In the film, The Imitation Game, potential recruits were found by setting code to be cracked. Hidden in Sondrel’s recruitment brochure about the programme in 2021 is a code, which, if cracked correctly, fast tracks the applicant to the shortlist.
“Last year, we had over 150 applicants so cracking the code to be shortlisted can really make a difference to their chances. And we’ve not made it easy to find the code because in real life working at Sondrel, they need observation skills as well as analytical skills. A CV won’t show us that, hence the cunning code challenge.

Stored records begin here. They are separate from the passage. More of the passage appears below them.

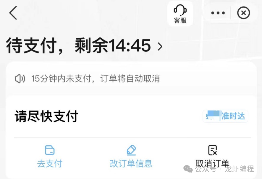 电商企业中订单下单后在规定的时间中(常见的是15分钟)用户没有支付就会执行订单关闭操作。下图是订单下单后等待用户支付的图
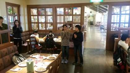 だいぶ雲って来ました。エルパティオで昼食です。エビカレーです。
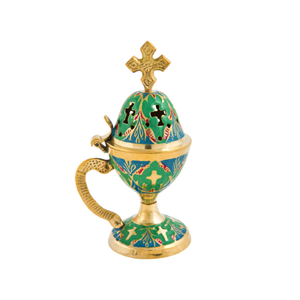 ΘΥΜΙΑΤΟ ΜΠΡΟΥΤΖΙΝΟ ΧΡΩΜΑΤΙΣΤΟ ΜΕ ΕΠΙΣΤΡΩΣΗ ΣΜΑΛΤΟΥ ΣΕ ΠΡΑΣΙΝΟ ΧΡΩΜΑ Ύψος: 15.00cm
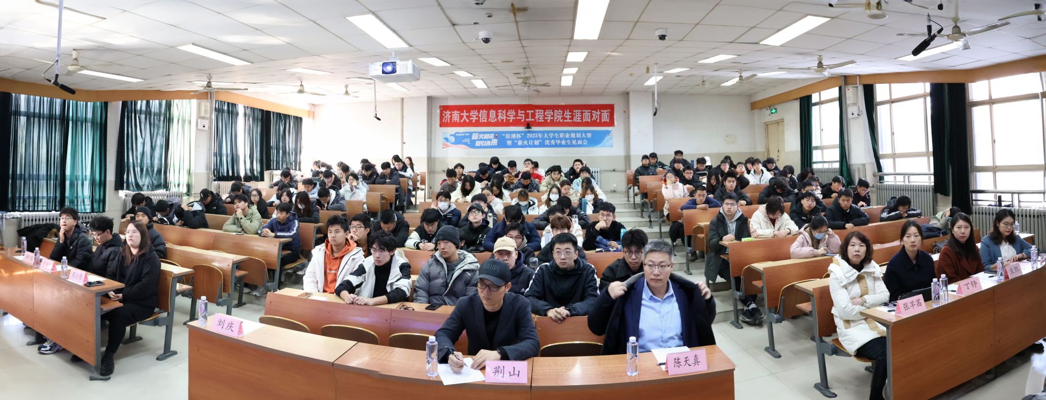 为贯彻落实党中央、国务院关于高校毕业生就业工作的决策部署,落实《国务院关于印发“十四五”就业促进规划的通知》精神,加强高校生涯教育和就业指导,搭建在校学生与优秀毕业生的沟通交流平台,进一步增强学生对就业流程的理解,以科学的方法规划个人职业生涯,11月25日上午,英国365上市公司在11教1101举办了“生涯面对面”优秀毕业生见面会暨“浪潮杯”2023年大学生职业规划大赛启动仪式,英国365上市公司副院长荆山、浪潮优派副总经理陈天真出席活动。学院辅导员、班主任代表及浪潮校企合作专业近200名学子参加活动。
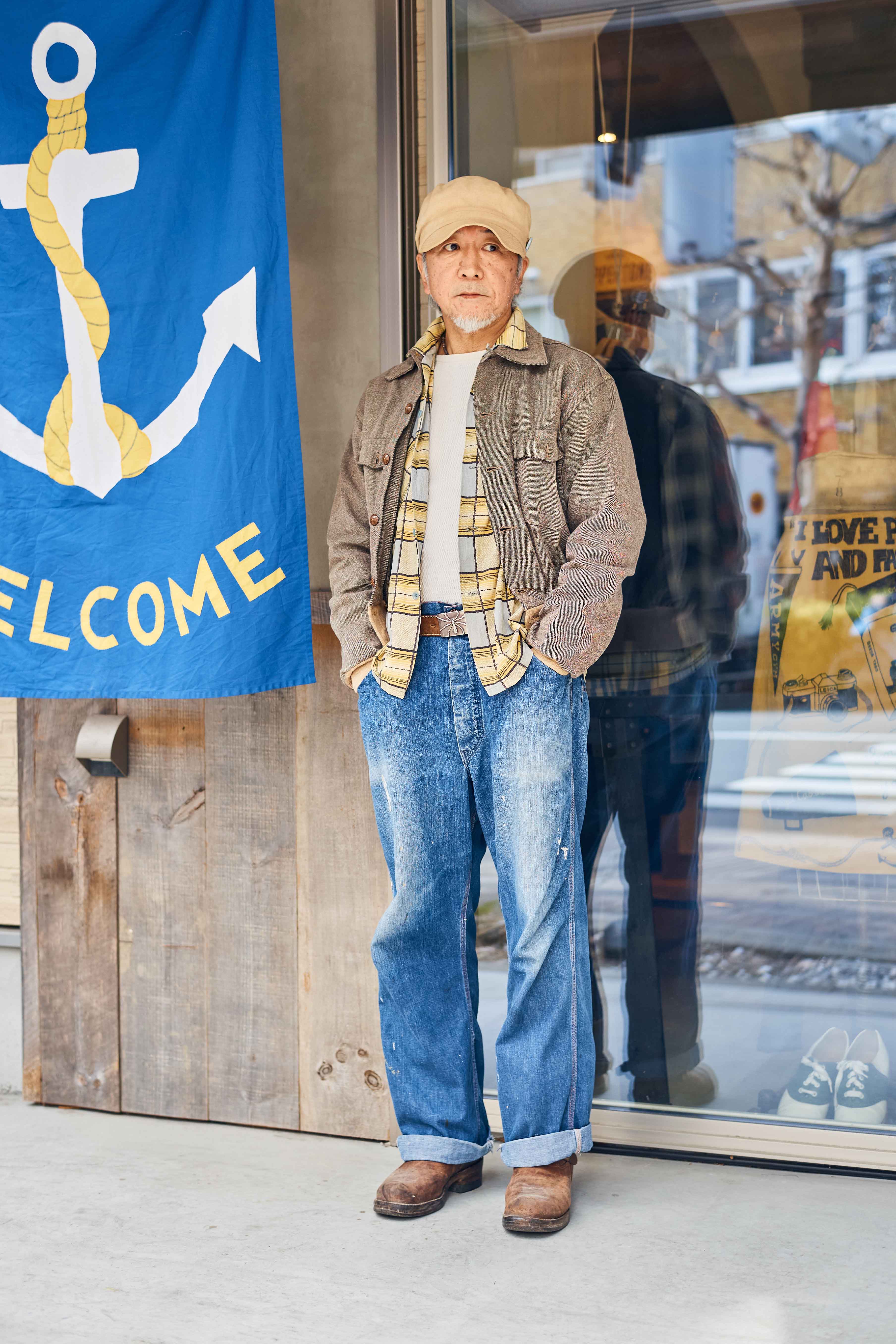 1930〜50年代のヴィンテージでまとめた装いは、ベージュのジャケットに淡いイエローのシャツを合わせることで爽やかな軽やかさをプラス。
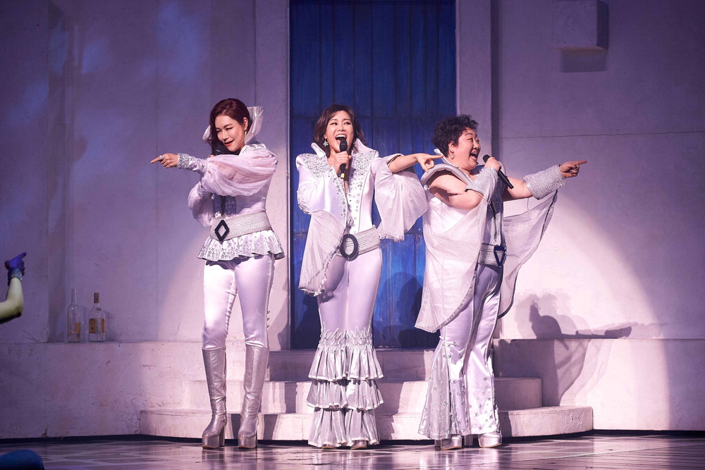 뮤지컬 '맘마미아'에서 타냐(김영주),도나(신영숙),로지(박준면·왼쪽부터)가 아바의 노래를 열창하고 있다. 신시컴퍼니

“One of the key things we look for in candidates is their ability to generate ideas and challenge assumptions. Exceptional engineers look at every problem with fresh eyes, understand what the hard limits are, and generate numerous ideas on how to push the boundaries where the limits are not so fixed.”

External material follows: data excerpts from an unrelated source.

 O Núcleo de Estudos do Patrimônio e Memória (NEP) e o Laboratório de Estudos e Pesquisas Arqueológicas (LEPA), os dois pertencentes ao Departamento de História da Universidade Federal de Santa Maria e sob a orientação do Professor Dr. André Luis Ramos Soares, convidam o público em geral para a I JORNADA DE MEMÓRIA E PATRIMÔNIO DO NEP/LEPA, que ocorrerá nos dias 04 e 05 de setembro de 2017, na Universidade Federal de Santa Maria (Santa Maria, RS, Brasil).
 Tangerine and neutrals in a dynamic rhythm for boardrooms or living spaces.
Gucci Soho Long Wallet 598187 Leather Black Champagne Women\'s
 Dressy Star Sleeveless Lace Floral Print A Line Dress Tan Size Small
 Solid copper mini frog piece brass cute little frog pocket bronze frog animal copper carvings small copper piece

These graduates will work on leading edge designs for companies around the world.
“We don’t do much large digital chip designs for European customers, the mask costs are huge at 7nm and 5nm which puts people off – 12nm is a lot more manageable,” said Curren. “We have a very broad range of designs from 22nm to 5nm and we have just completed a test device at 5nm, at 6nm and a lot of stuff at 7nm.
“There’s quite a few startups around AI and ADAS automotive, a lot at 12nm and 16nm and fully depleted silicon (FDS). For FDS the drivers are mask related. The power is important but they are not stretching the power and using back bias to get the lower leakage current.”
This means the business is global. “We see lots of prospective customers in China, lots of companies in the US, I guess the market hasn’t changed that much in Europe, its mostly Israel, with systems companies in aerospace and automotive,” he said.
“The real challenges are around the complexity. We think of ourselves as a system integration company – you are not doing that much gate level designs, it’s about the integration of CPU, GPU and interfaces so the problem is different.”
“We taped out an MRAM design with ARM, Samsung and Cadence about a year ago – there has been a lot of take up on that for IoT designs so there is a lot of interest, but MRAM designs tend to be smaller and we are more focussed on larger designs, typically with 30 to 40 people on the team,” he said. “The biggest design we have done was 600mm2 in 7nm for a networking chip but that was very regular. We taped out a 400mm2 design that was very irregular in 16nm with many CPUs and GPUs, that was harder to implement with the network on chip (NOC) [interconnect].
“We have our sights very much set on supplying full supply chain for these complex digital designs and we think there are few people with the technical depth to do that. Nothing is holding us back today,” said Curren. “We are still doing services, both are valuable, some people want one and some want the others. Companies such as GUC and Socionext typically have 5 to 10 times our revenue per head so the way forward is to increase the revenue per head, and the key to that is the technical competence.”
The US China trade-war is just part of the cost of doing business, as are the changes in Europe as the UK leaves the EU.
“China is part of our business and we do need to manage those risks, but it is also a good potential, as it’s a huge market – there’s more new companies that we are talking to about projects, so its not an area to turn your back on,” he said. “We are seeing issues with European funding, for example as a UK company whether we will be able claim French tax credits, so there are barriers to European business as well.”